15. The system of claim 14, wherein:
the second environment comprises a deployment environment; and
the first scheduling policy is tested in the second environment based on updated data that differs from the historic data based on at least one parameter.
16. A system for scheduling, the system comprising:
a processing circuit and memory comprising instructions that, when executed by the processing circuit, cause the processing circuit to perform:
determining a second state distribution based on executing a first scheduling policy in a second environment,
generating a second scheduling policy based on a first policy gradient associated with a first state distribution and the second state distribution, the first state distribution being associated with the first scheduling policy and a first environment, different from the second environment; and
controlling a scheduling process based on the second scheduling policy.

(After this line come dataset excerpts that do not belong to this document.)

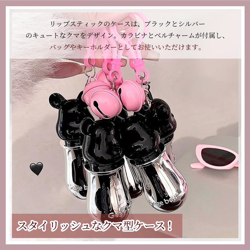 • 【STYLISH BEAR SHAPE CASE】The lipstick case is designed with cute bear in black and silver. Comes with a carabiner and bell charm, can be used as a bag or keychain
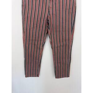 These high-rise jeans feature a rust and blue striped pattern with cropped leg fit and stretch comfort.
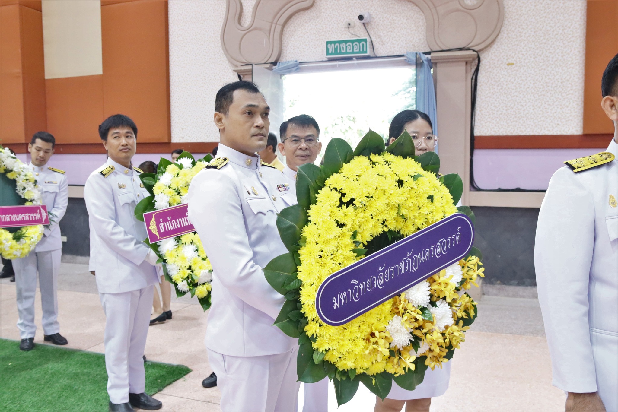 วันที่ ๑๓ ตุลาคม พ.ศ. ๒๕๖๘ ผู้ช่วยศาสตราจารย์ ดร.ไชยรัตน์ ปราณี อธิการบดีมหาวิทยาลัยราชภัฏนครสวรรค์ มอบหมายรองศาสตราจารย์ ดร.สาธร ทรัพย์รวงทอง รองอธิการบดีฝ่ายบริหารและยุทธศาสตร์ พร้อมด้วยผู้ช่วยศาสตราจารย์ ดร.มงคล ศัยยกุล ผู้อำนวยการสำนักศิลปะและวัฒนธรรม, นายปริญญา จั่นเจริญ นักวิชาการศึกษาชำนาญการ และนางสาวศุภรสวรรค์ รอเพ็ชร์ นักวิชาการศึกษา เข้าร่วมพิธีสวดพระพุทธมนต์และพิธีทำบุญตักบาตรถวายพระราชกุศล และพิธีวางพวงมาลาและถวายราชสดุดี เนื่องใน “วันนวมินทรมหาราช” โดยมี นายศุภมิตร ชิณศรี ผู้ว่าราชการจังหวัดนครสวรรค์ เป็นประธานในพิธี ณ อาคารอเนกประสงค์ สัมมนาและจัดแสดงนิทรรศการ บึงบอระเพ็ด อำเภอเมืองนครสวรรค์ จังหวัดนครสวรรค์
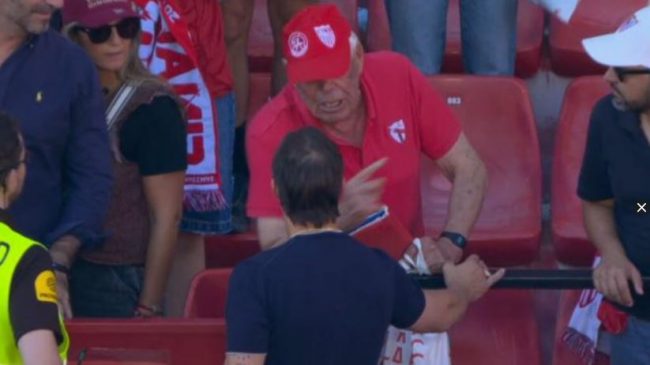 Al finalizar el choque, se ha podido ver una curiosa imagen por televisión, en la que un seguidor rojiblanco echaba la bronca al técnico, Matías Almeyda, haciéndole indicaciones sobre lo ocurrido sobre el campo.
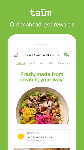 Laden Sie die taim -App herunter, um für jede Bestellung belohnt zu werden! Essen Sie taim , verdienen Sie taim
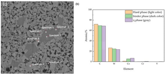 Figure 3 presents the microstructure photographs of the WC-10Co alloy following sintering at 1410 °C, 1450 °C, and 1500 °C under carbon-deficient conditions. In these images, the light-colored massive grains correspond to the WC hard phase, the dark black regions represent the bonded phase, and the grayish areas in between are identified as the η phase. To analyze the composition of these three phases, we conducted EDS tests at multiple points as illustrated in Figure 4a, with the detection results shown in Figure 4b. EDS analysis indicates a decreasing trend in C and W element contents across the light, dark, and gray phases, respectively, while Co element content exhibits an increasing trend. This distribution aligns with the phase composition characteristics of the hard phase, bonded phase, and η phase.
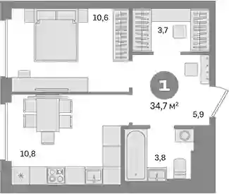 1-к.квартира, 34.7 м², 22 эт. в ЖК Квартал Герцена Корпус 2
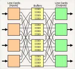 هر کارت خط ورودی بسته های خود را به طور مساوی به بافرهای N پخش می کند ، کاری که به وضوح می تواند بدون مجادله انجام دهد. هر بافر این بسته ها را در یک بافرِ حافظه محلی واحد با نرخ ترکیبی R می نویسد. همزمان ، هر بافر بسته هایی را در بالای هر صف خروجی مجازی به هر کارت خط خروجی با نرخ R / N به هر کارت می فرستد. کارت خط خروجی به وضوح می تواند این بسته ها را بدون هیچ گونه مشاجره از خط خارج کند.

17. The system of claim 16, wherein the instructions, when executed by the processing circuit, cause the processing circuit to perform determining the first state distribution based on executing the first scheduling policy in the first environment.
18. The system of claim 16, wherein the first environment comprises a training environment in which the first scheduling policy is trained.
19. The system of claim 18, wherein the first scheduling policy is trained based on historic data.
20. The system of claim 19, wherein:
the second environment comprises a deployment environment; and
the first scheduling policy is tested in the second environment based on updated data that differs from the historic data based on at least one parameter.